You can copy paste the following function into a blank query:

(SourceTable)=>
let
    
FnDetectType =
    (SourceTable, ColumnName)=>
    let
        ListColumn = Table.Column(SourceTable,ColumnName),
        NumberPercentage =
            List.Count(
                List.Select(ListColumn , each _ is number)
            ) / List.Count(ListColumn),
        IntPercentage =
            List.Count(
                List.Select(ListColumn , each _ is number and _ = Number.Round(_, 0))
            ) / List.Count(ListColumn),
        DatePercentage =
            List.Count(
                List.Select(ListColumn , each _ is date)
            ) / List.Count(ListColumn),
        DateTimePercentage =
            List.Count(
                List.Select(ListColumn , each _ is datetime)
            ) / List.Count(ListColumn),
        Max = List.Max(
            {NumberPercentage, DatePercentage, DateTimePercentage, IntPercentage}
        ),
        Result =
            if Max < .95 then
                {ColumnName, type any}
            else if DateTimePercentage = Max then
                {ColumnName, type datetime}
            else if DatePercentage = Max then
                {ColumnName, type date}
            else if IntPercentage = Max then
                {ColumnName, Int64.Type}
            else
                {ColumnName, type number}
    in
        Result,

    ConvertTypesList =
        List.Transform(
            Table.ColumnNames(SourceTable),
            each FnDetectType(SourceTable, _)
        ),
    ConvertedTable = Table.TransformColumnTypes(SourceTable, ConvertTypesList)
in
    ConvertedTable

You can run it on any table, and it will convert columns to DateTime, Date, Whole Number and Decimal Number types, if more than 95% of the values are matching the relevant type. You can also change the threshold from 95% in the code.

To run this function, follow these steps:

Create a blank query in Power Query Editor, and paste this function into the Advanced Editor. Name the function as FnDetectAndTransformTypes. Select the query with the table you want to convert, and select the fx button (right to the formula bar in Power Query Editor. Oh, and if you don’t see the formula bar, enable it in View tab).
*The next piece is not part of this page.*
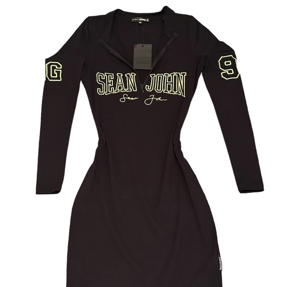 Details: -long sleeve black dress -lime green stitched writing -UK:10 | EUR:38 | US: 6 -stretchy -BRAND NEW with TAG

Now, in the formula bar, let’s say that you see the formula bar:

= Source

All you need to do, is change it to:

= FnDetectAndTransformTypes(Source)

You are done. You can now see that the type detected automatically.

Automatic Detection of Column Types in Power Query using M

Note: This technique will be slow on large datasets. To run it on a preview of the data – let’s say 1000 rows – you can change the following line:

ListColumn = Table.Column(SourceTable,ColumnName),

to

ListColumn = List.FirstN(Table.Column(SourceTable,ColumnName), 1000),

Deep Dive – Understanding the M Expression

The FnDetectAndTransformTypes function receives a table as an argument, to detect the column types and convert them. In its inner implementation, there is another function – FnDetectType, which receives the table, and a single column to detects its type. FnDetectType is divided into two sections. In the first section, we calculate the percentages of decimal numbers, whole numbers, dates, and datetime in the column. For example, if your column consists of 10 rows, with two date values in it, the percentage of dates is 20%, and the DatePercentage identifier below will hold the 20%.

        ListColumn = Table.Column(SourceTable,ColumnName),
        NumberPercentage =
            List.Count(
                List.Select(ListColumn , each _ is number)
            ) / List.Count(ListColumn),
        IntPercentage =
            List.Count(
                List.Select(ListColumn , each _ is number and _ = Number.Round(_, 0))
            ) / List.Count(ListColumn),
        DatePercentage =
            List.Count(
                List.Select(ListColumn , each _ is date)
            ) / List.Count(ListColumn),
        DateTimePercentage =
            List.Count(
                List.Select(ListColumn , each _ is datetime)
            ) / List.Count(ListColumn),

In the preceding section, you can see that for each percentage type, we count the number of items in ListColumn (which is the list-representation as the column) in the denominator. In the numerator, we count the number of items in ListColumn, after we apply a filter on the list, and keep only items of a specific type. For example: We apply the condition is number to filter the list, and keep only decimal numbers in the expression:

List.Select(ListColumn , each _ is number)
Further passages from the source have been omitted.